The providers policies and procedures reflected best practice guidance and recognised assessment tools were used. People confirmed they were supported effectively with their health conditions and accessed external health care services. Recommendations made by external health care professionals were implemented.
People were happy with the quality and choice of meals. Staff knew people’s dietary needs and preferences.
People were supported to have maximum choice and control of their lives and staff supported them in the least restrictive way possible and in their best interests; the policies and systems in the service supported this practice.
People were positive about the approach of staff and found them to be caring and kind, and independence was promoted, and overall dignity respected. People and or their relatives and advocates were involved in discussions about how care was provided. People’s end of life care wishes had been discussed and planned with them.
People and visitors had access to the provider’s complaint procedure and complaints had been fully investigated and action taken to make improvements where required.

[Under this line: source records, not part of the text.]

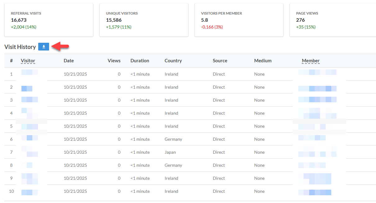 A member visit tracks when a member (or potential member) interacts with your referral program, whether logged in or not.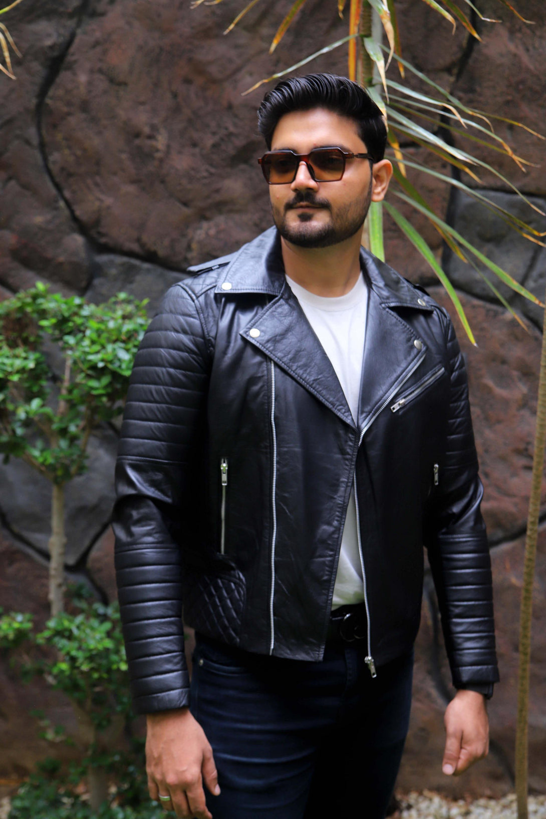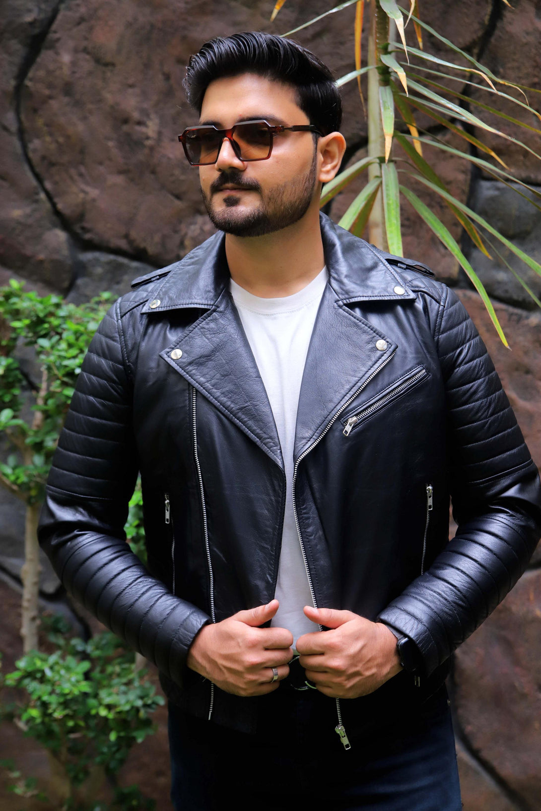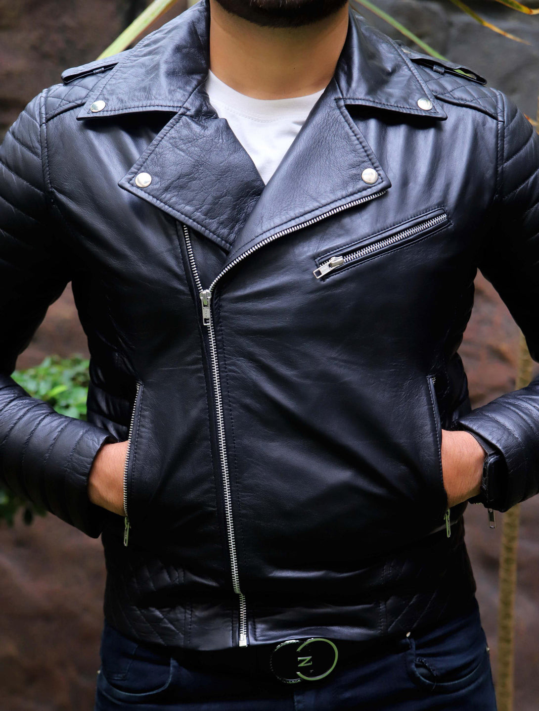 This is the quintessential motorcycle jacket, built with genuine black leather and all the authentic details. The thick leather and durable hardware make this piece instantly classic and designed to be worn for years. It's the perfect statement jacket for anyone who values a bold, timeless look.
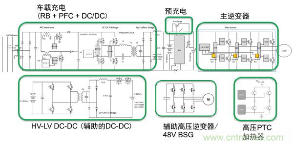 HEV/EV的重點應用有:車載充電器、電池管理、牽引逆變器、輔助逆變器、48 V皮帶啟動發電機(BSG)和DC-DC轉換器。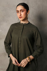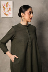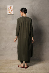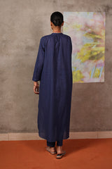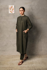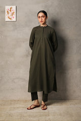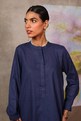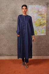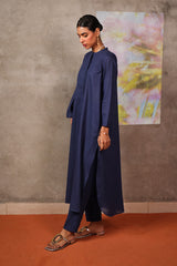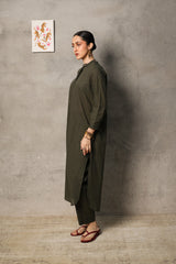 A fitted kurta with a band neckline, featuring buttons hidden in the front placket and cuffed sleeves, with side pocket detail. Paired with matching solid straight fit trousers.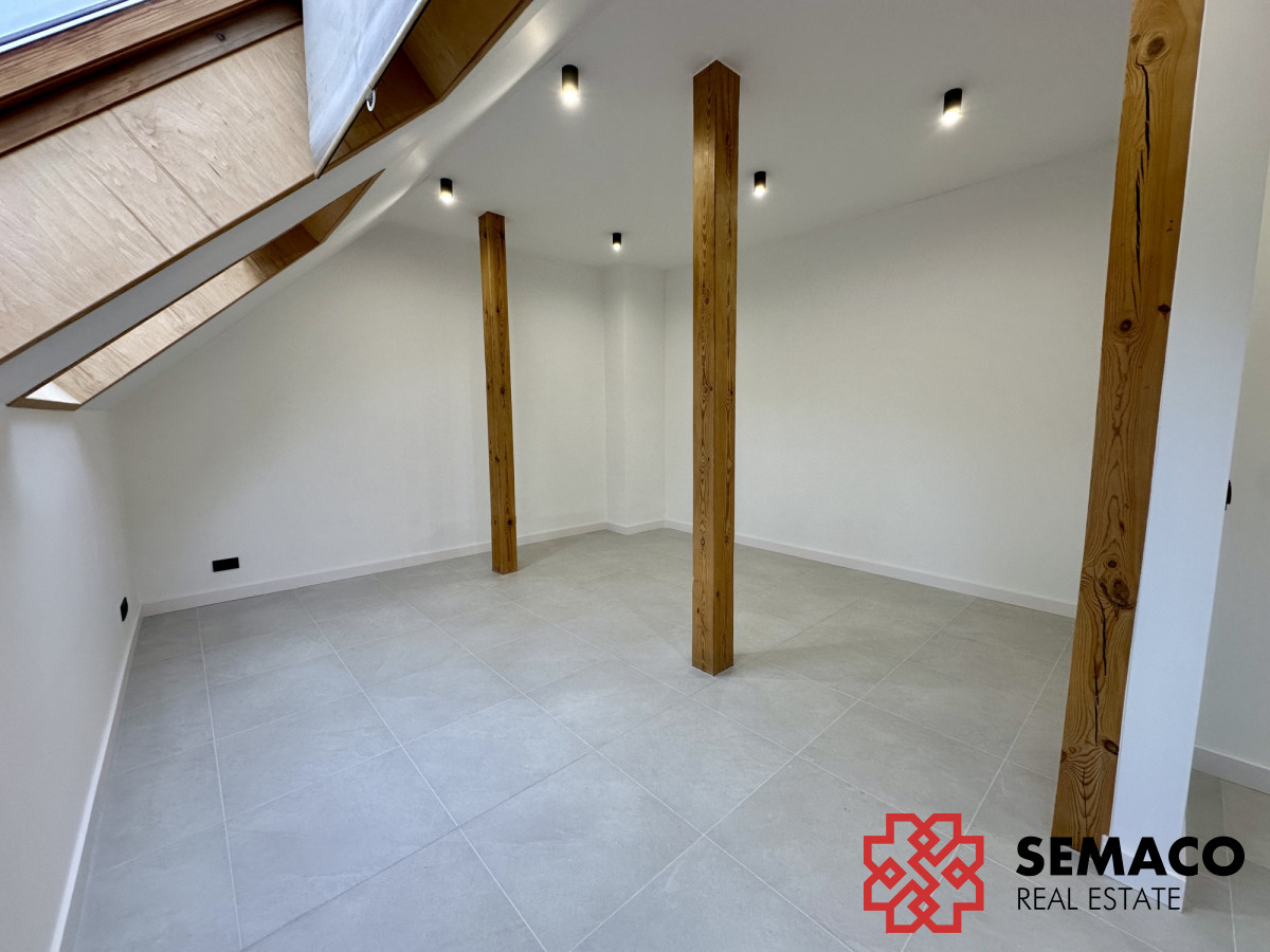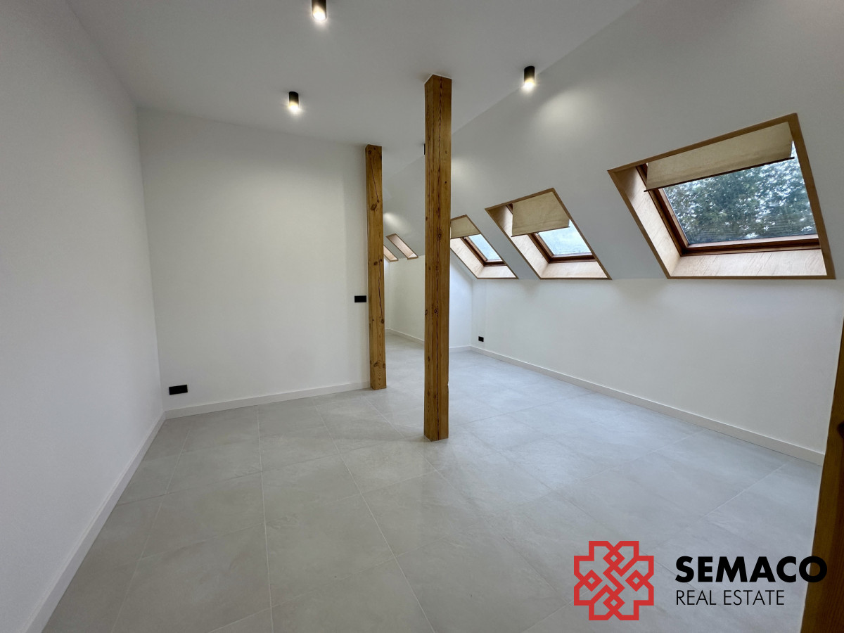 Lokal o powierzchni 45m2, znajduje się na 2 piętrze w świeżo wyremontowanym budynku. W lokalu jest ogrzewanie podłogowe. Wszelkie instalacje wodno-kanalizacyjne, elektryczne oraz szybki internet światłowodowy są gotowe. Do części wspólnych należy: - kuchnia na parterze; - taras z wyjściem z kuchni; - ogród. Budynek wyposażony jest w alarm oraz monitoring zewnętrzny i wewnętrzny.

People’s social history, cultural and spiritual needs, interests, hobbies, and pastimes had been discussed and recorded. People received opportunities to share their experience of the service.
A new governance framework had recently been introduced. The provider and registered manager understood and met their registration regulatory requirements.
For more details, please see the full report which is on the Care Quality Commission website at www.cqc.org.uk
Rating at last inspection
The last rating for the service was good (published 5 June 2019). Since then the provider has changed its legal entity.
Why we inspected
This inspection was completed due to the provider’s registration history.
We looked at infection prevention and control measures under the Safe key question. We look at this in all care home inspections even if no concerns or risks have been identified. This is to provide assurance that the service can respond to COVID-19 and other infection outbreaks effectively.
We have found evidence that the provider needs to make improvements. Please see the safe and well-led sections of this full report.
You can read the report from our last comprehensive inspection, by selecting the ‘all reports’ link for Bunkers Hill Care Home on our website at www.cqc.org.uk.
Follow up
We will continue to monitor information we receive about the service, which will help inform when we next inspect.